**HOW TO COMPLETE THIS TASK:**
For the data below, retype word for word the lines from the one containing "- Technical room" through the one containing "Hex #bb8dfe Color"; drop the pictures.
GIVEN RECORDS Block Start
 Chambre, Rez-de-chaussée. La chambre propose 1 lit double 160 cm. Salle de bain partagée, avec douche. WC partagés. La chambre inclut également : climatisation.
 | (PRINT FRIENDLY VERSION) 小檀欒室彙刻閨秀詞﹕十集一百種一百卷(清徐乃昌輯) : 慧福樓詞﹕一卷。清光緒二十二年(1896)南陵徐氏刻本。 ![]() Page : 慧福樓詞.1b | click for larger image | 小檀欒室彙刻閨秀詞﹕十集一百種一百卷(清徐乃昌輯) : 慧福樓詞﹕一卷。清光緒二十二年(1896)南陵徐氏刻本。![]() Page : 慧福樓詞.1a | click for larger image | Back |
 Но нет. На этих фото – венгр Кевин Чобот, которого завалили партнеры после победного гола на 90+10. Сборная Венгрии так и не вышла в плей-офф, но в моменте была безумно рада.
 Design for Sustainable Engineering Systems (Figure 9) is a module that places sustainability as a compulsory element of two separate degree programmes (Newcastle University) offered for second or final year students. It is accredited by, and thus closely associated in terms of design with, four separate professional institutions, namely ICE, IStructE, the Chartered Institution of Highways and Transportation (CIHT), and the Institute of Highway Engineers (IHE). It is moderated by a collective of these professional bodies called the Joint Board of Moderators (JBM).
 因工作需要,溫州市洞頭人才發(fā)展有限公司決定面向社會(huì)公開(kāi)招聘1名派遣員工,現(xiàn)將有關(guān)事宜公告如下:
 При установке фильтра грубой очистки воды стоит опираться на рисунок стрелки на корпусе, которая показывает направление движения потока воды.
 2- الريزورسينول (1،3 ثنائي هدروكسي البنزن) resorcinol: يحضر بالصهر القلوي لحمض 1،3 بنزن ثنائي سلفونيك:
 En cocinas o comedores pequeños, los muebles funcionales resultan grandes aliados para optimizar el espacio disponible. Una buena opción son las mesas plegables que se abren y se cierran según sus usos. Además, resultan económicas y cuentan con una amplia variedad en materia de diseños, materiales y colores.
GIVEN RECORDS Block End
GIVEN RECORDS Block Start
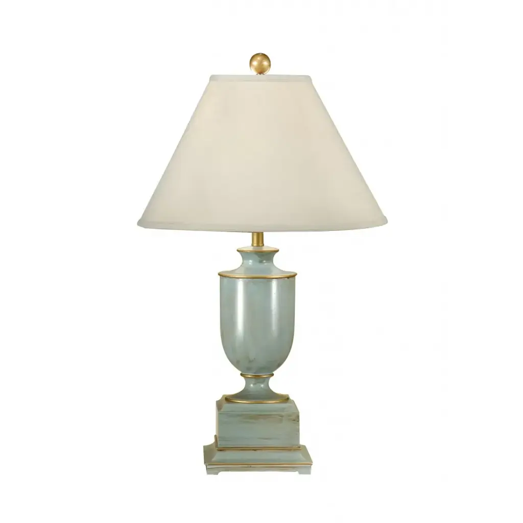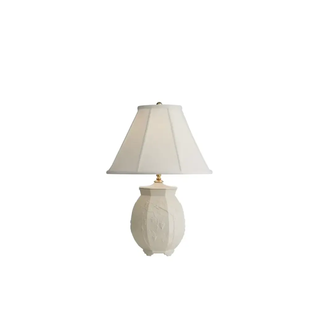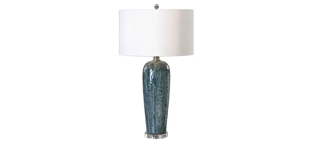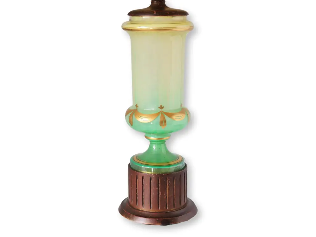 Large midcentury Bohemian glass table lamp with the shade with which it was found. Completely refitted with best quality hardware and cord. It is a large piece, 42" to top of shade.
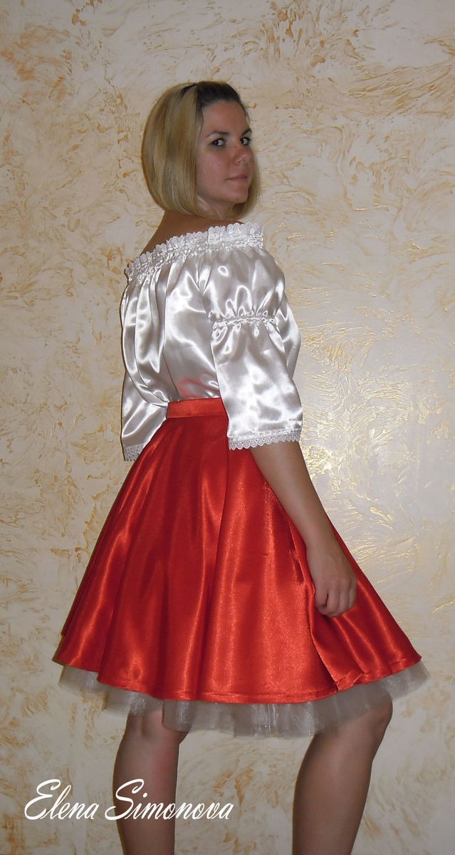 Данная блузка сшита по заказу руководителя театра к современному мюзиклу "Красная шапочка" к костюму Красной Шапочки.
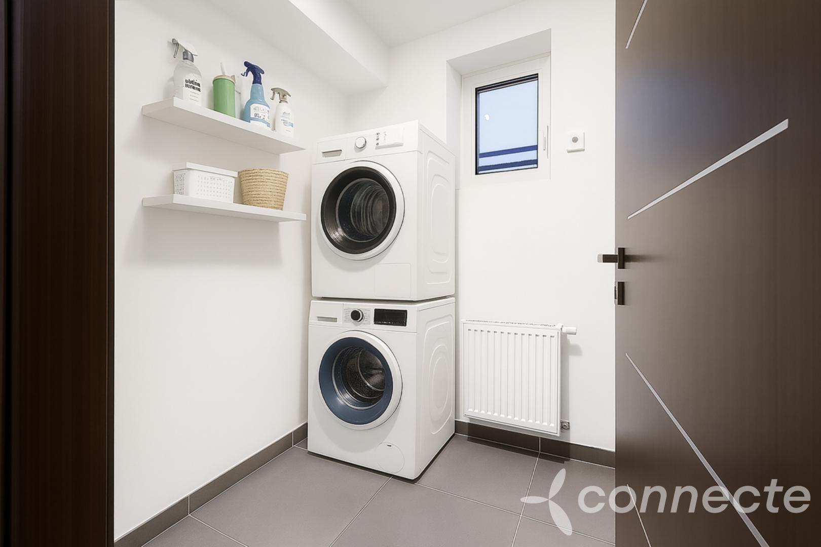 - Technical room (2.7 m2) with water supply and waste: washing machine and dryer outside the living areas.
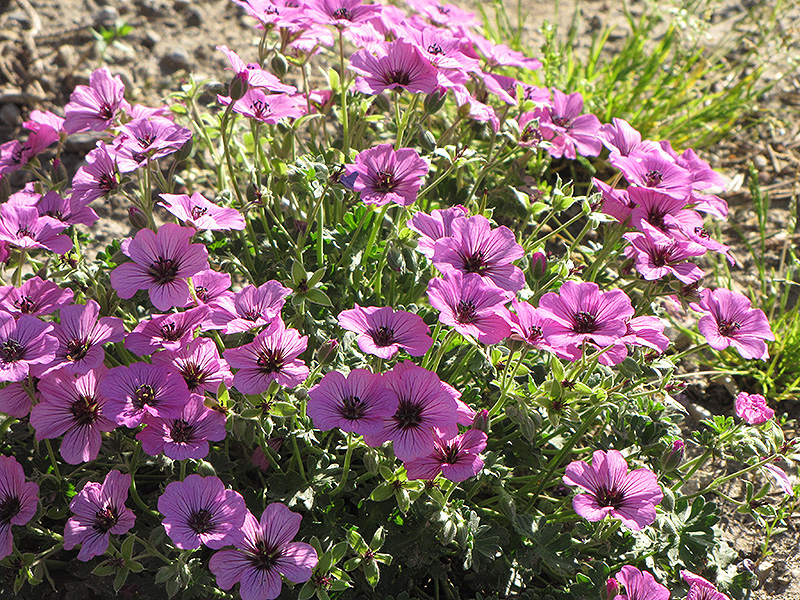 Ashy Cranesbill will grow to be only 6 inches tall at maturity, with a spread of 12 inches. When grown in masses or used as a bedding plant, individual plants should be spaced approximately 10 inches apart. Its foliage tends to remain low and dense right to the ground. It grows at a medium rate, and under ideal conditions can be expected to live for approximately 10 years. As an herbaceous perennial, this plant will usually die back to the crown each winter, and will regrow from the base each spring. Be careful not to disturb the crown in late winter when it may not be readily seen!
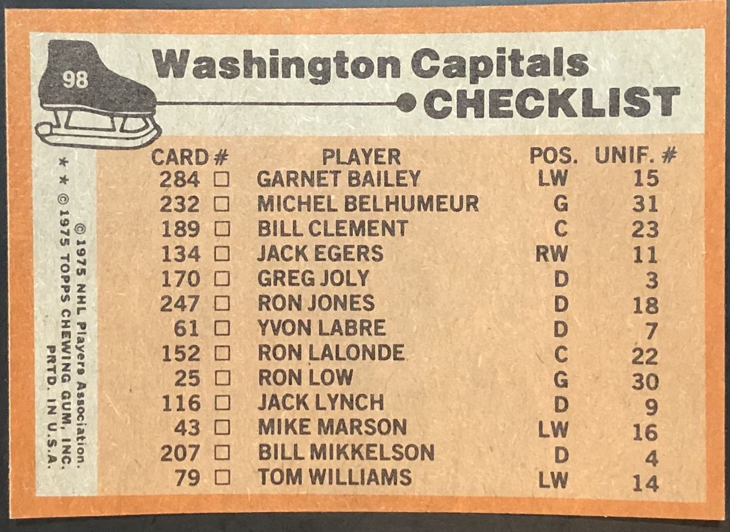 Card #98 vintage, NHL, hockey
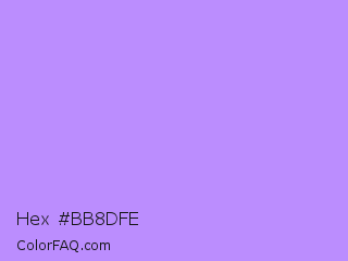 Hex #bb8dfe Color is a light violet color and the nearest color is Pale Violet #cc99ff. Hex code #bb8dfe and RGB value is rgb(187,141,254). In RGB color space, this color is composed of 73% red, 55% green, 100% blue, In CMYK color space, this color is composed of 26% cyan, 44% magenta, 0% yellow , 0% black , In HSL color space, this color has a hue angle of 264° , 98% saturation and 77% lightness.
GIVEN RECORDS Block End
GIVEN RECORDS Block Start
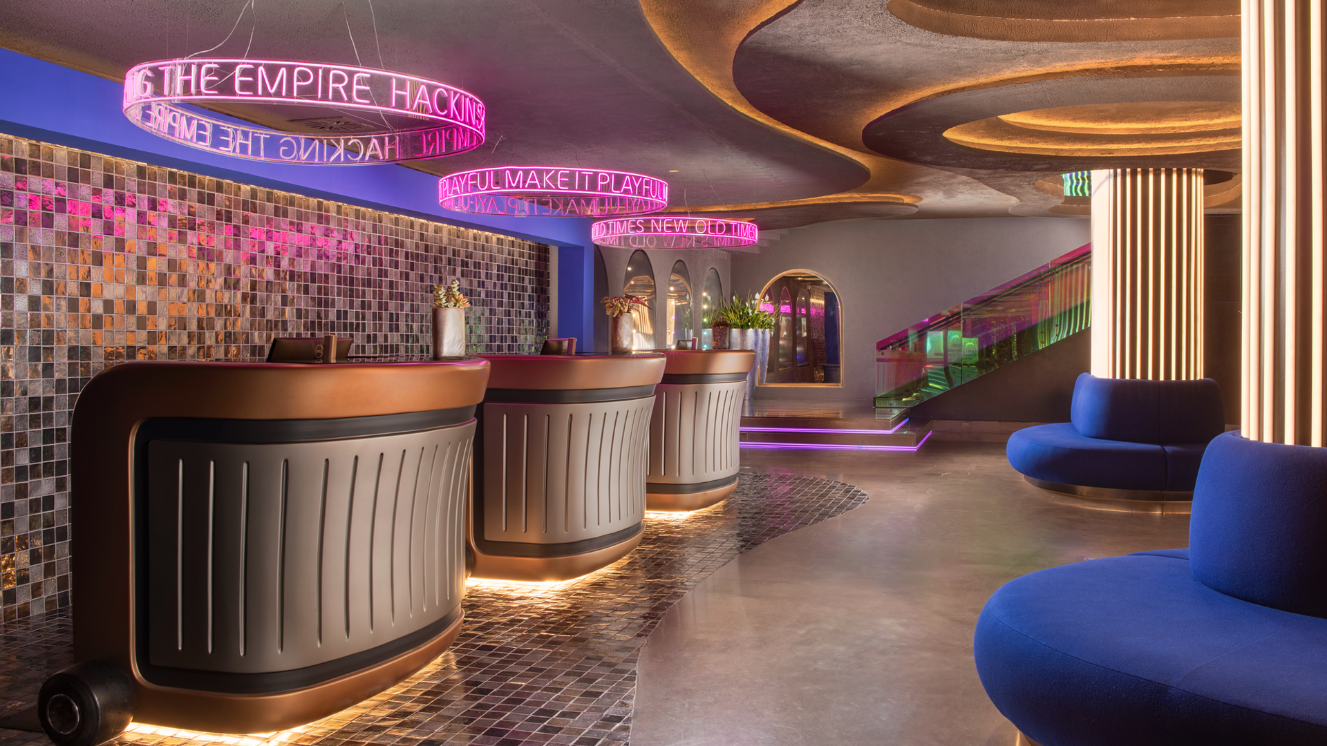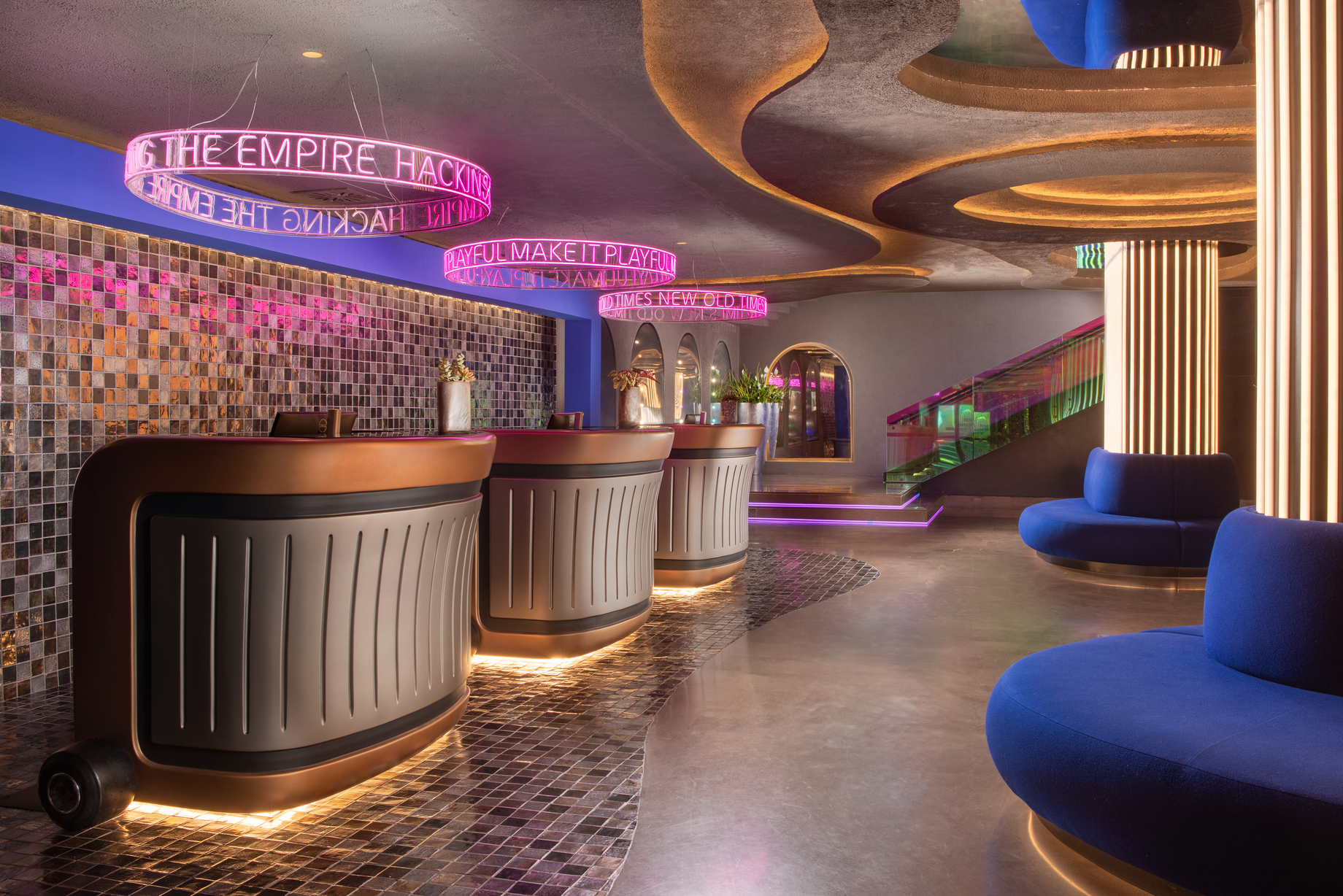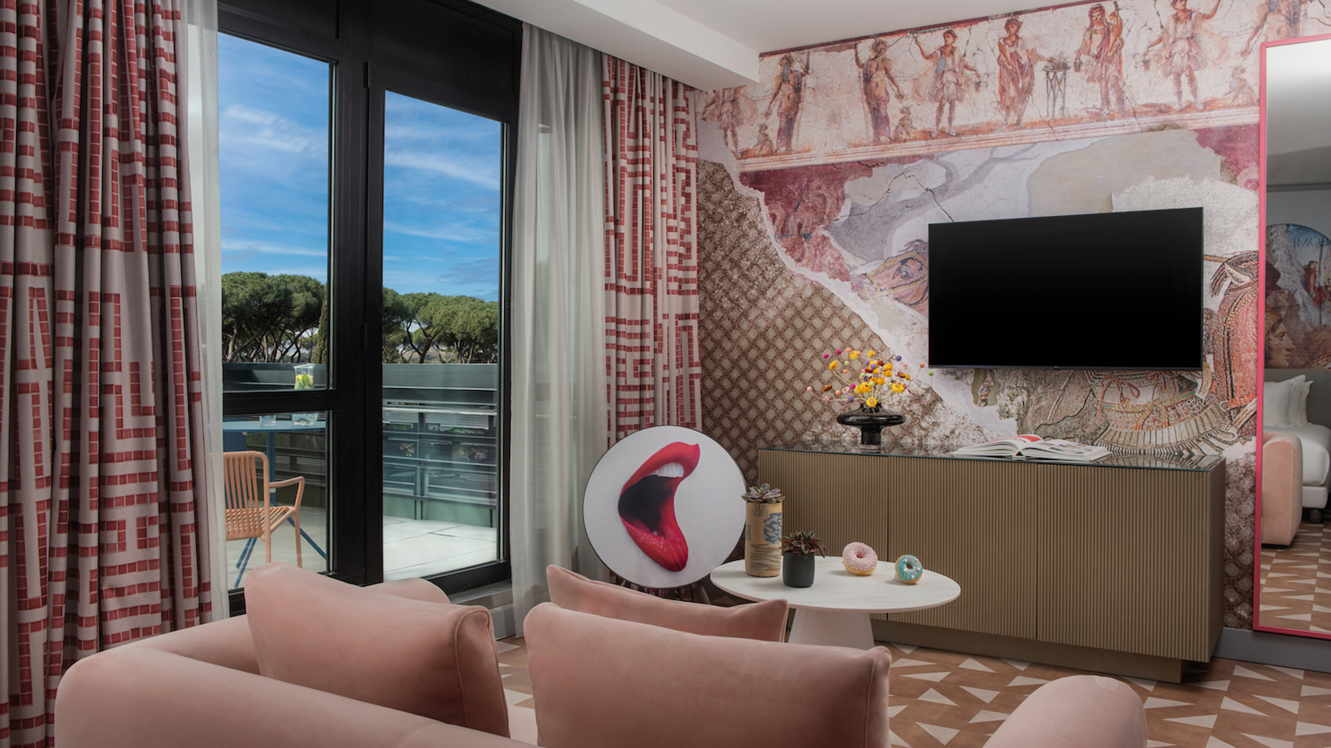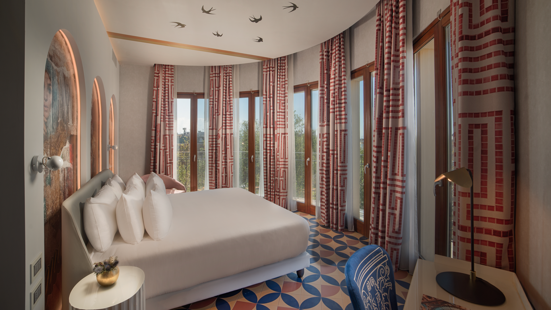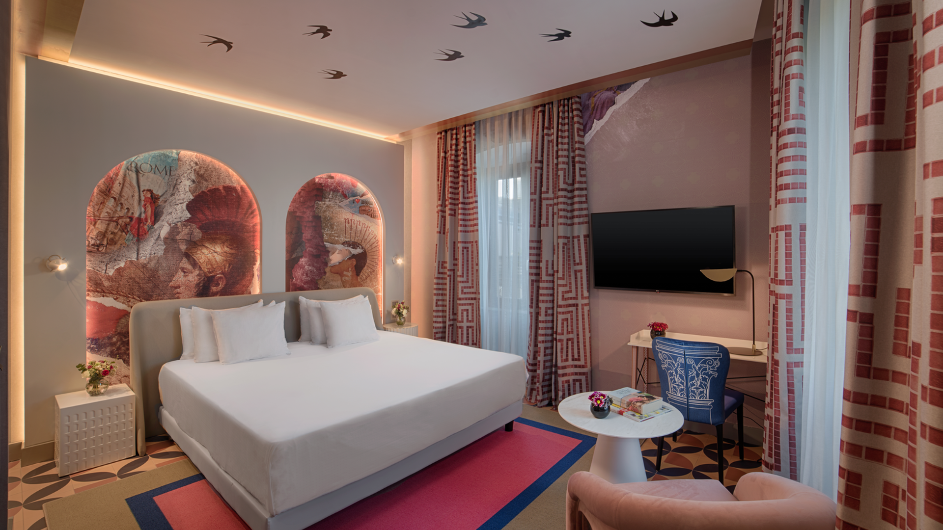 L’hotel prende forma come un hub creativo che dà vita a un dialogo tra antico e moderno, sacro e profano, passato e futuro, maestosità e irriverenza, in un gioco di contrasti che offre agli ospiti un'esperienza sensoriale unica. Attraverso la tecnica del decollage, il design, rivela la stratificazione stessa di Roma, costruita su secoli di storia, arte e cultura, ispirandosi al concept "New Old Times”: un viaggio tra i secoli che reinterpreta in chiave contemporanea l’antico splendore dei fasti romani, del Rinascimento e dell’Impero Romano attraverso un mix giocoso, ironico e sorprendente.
GIVEN RECORDS Block End
**ANSWER BOX:**
 - Technical room (2.7 m2) with water supply and waste: washing machine and dryer outside the living areas.
 Ashy Cranesbill will grow to be only 6 inches tall at maturity, with a spread of 12 inches. When grown in masses or used as a bedding plant, individual plants should be spaced approximately 10 inches apart. Its foliage tends to remain low and dense right to the ground. It grows at a medium rate, and under ideal conditions can be expected to live for approximately 10 years. As an herbaceous perennial, this plant will usually die back to the crown each winter, and will regrow from the base each spring. Be careful not to disturb the crown in late winter when it may not be readily seen!
 Card #98 vintage, NHL, hockey
 Hex #bb8dfe Color is a light violet color and the nearest color is Pale Violet #cc99ff. Hex code #bb8dfe and RGB value is rgb(187,141,254). In RGB color space, this color is composed of 73% red, 55% green, 100% blue, In CMYK color space, this color is composed of 26% cyan, 44% magenta, 0% yellow , 0% black , In HSL color space, this color has a hue angle of 264° , 98% saturation and 77% lightness.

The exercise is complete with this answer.